As Mr. Vance Thompson puts it:
"Readers who pant breathlessly after Sherlock Holmes and his like should give thanks to Edgar Allan Poe; when he invented Dupin in the 'Murders in the Rue Morgue,' he created once for all the type of the detective in fiction. In all the years it has not changed very much. Sherlock Holmes still sits in his dark, superheated chamber; he is drugged with tobacco and opium; he maintains the 'profound silence' that distinguished Poe's cold analyst; indeed, one may be sure that the type will live for another eighty years."
1. The Real Detective and His Work
But we have already agreed that this fiction detective has little or nothing to do with the real detective. When M. Goron, one of the greatest of French detectives, was asked concerning this, he replied:
"I dare say I have read nearly all the detective stories, those of Poe and Gaboriau, and 'Sir Doyle's' clever tales. Like every one else I love to follow the twists and turns that lead to the end of these apparently inexplicable problems. It is a good intellectual sport—like playing chess. But do not imagine for a moment," and M. Goron was emphatic, "that it has anything at all to do with practical police work. Nothing at all. It is not by such subtle, opium-bred guesswork and fine-drawn deduction that criminals are detected."
M. Goron's theory is that in thief-taking, as in everything else, system is of prime importance; and after that the most effective auxiliary of the detective is Chance. Almost always it is by a lucky hazard that the shrewd criminal is brought down. For instance, the taking of Magne; it was tragically absurd—for the farce ended in the basket of wet sawdust under the guillotine.
In fact, detectives of real life invariably scorn the transcendent detective of fiction, and, in his turn, the story-book detective scoffs at the methods of the Central Office men.
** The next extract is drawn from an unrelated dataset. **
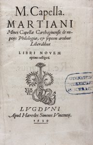 CAPELLA MARTIANUS MINEUS FELIX, De nuptijs philologiae & septem artibus liberalibus… Lugduni : apud haeredes Simonis Vincentii, 1539.

Mr. Arthur C. Train, in "Courts Criminal and The Camorra," thus mildly satirizes our detective of fiction and sets him quite apart from the genuine article:
"The sanctified tradition that a detective was an agile person with a variety of side whiskers no longer obtains even in light literature, and the most imaginative of us is frankly aware of the fact that a detective is just a common man earning (or pretending to earn) a common living by common and obvious means. Yet in spite of ourselves we are accustomed to attribute superhuman acuteness and a lightning-like rapidity of intellect to this vague and romantic class of fellow-citizens. The ordinary work of a detective, however, requires neither of these qualities. Honesty and obedience are his chief requirements, and if he have intelligence as well, so much the better, provided it be of the variety known as horse sense. A genuine candidate for the job of Sherlock Holmes would find little competition. In the first place, the usual work of a detective does not demand any extraordinary powers of deduction at all.